You know your thoughts wander here too.  Whether it’s during PCS season, or while he’s deployed.  When your teaching certificate is tucked in a drawer and you sell lotion at the store, or your teenager said goodbye to the girl he loves two moves ago.  Where do I begin to live if I have to live without him?

It’s crazy ~  we aren’t wives with homes and communities, time in one place spreading the roots deep and wide.  I know they have other things that cause fear to knock on their doors, but I wonder how often settled wives imagine the knock from men in blue and where, just where they will move when the 180 days of BHA is spent?

It’s necessary ~ I want to plan what is best for our family with the man who has dreamed and worked it with me.  He, who has devoted his life to our protection, welfare, and security, is the one whose strength I want to lean on if I can no longer lean into his arms.

It’s dangerous ~ fear wants a room of his own.  Planning details of where to settle are as important as making a will, but plans fueled by fear will turn into walking nightmares.  No matter how many times these conversations are had, the day will be weary and sad and your thoughts will slip away to “what if’s”.  Don’t let fear lay a heavy lead blanket around your shoulders, Favored Military Wife.  Everything beyond the plan is just vain imaginings.  God is able to do immeasurably more than all we ask or imagine Eph. 3:20  Might I suggest you kick fear out now?

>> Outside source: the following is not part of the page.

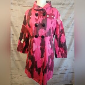 Appraisal Pink Ikat Print Double-Breasted Trench Coat – Size Approx. M

It’s heart-breaking ~ I stood by my husband last week as he buried a co-worker.  I have been his helper through many funerals and memorials, but never have I stood grave-side, heat radiating through his service dress as I braced my back against the wall of his chest, and watched the honor guard fold the flag above the casket of one of USA’s men of honor.  Never before have I braced against the crack of a 21-gun salute, my ears screaming at the insult those shots perpetrated against the reverent silence that moment demanded.

But it was the general’s bent knees to the ground, placing the three-sided symbol of One Nation Under God in her lap and whispering, oh such a long time of whispering gratitude and comfort to the Dear Military Wife that undid me.

Dear Military Wife.  Hello, Sister.  There now.  It’s out in the open.  You are not alone.  It is so good to make a plan.  God and your husband know you are a creature who desires security.  Have your talks and remember to laugh while you do, because your man is right there making them with you.  Lock them up in your fire box, in the file directly behind the wills.  And now push fear out the door, turn on the music, and dance with that man, combat boots and all.

Dear Favored One, if this is not your world I know it is for someone you love.  Remind her she’s not alone.  She’s really good at going deep pretty fast – we don’t have time to wade into friendship.  It’s usually a big jump off the high-dive.  You will be surprised at what seeing her will mean to your friendship.  And she’ll be pretty good at listening to your named fears as well.  None of us are alone.  We need to remind each other of that.  And then help each other kick fear to the curb.

Peace I leave with you; my peace I give you.  I do not give to you as the world gives.  
Do not let your hearts be troubled and do not be afraid.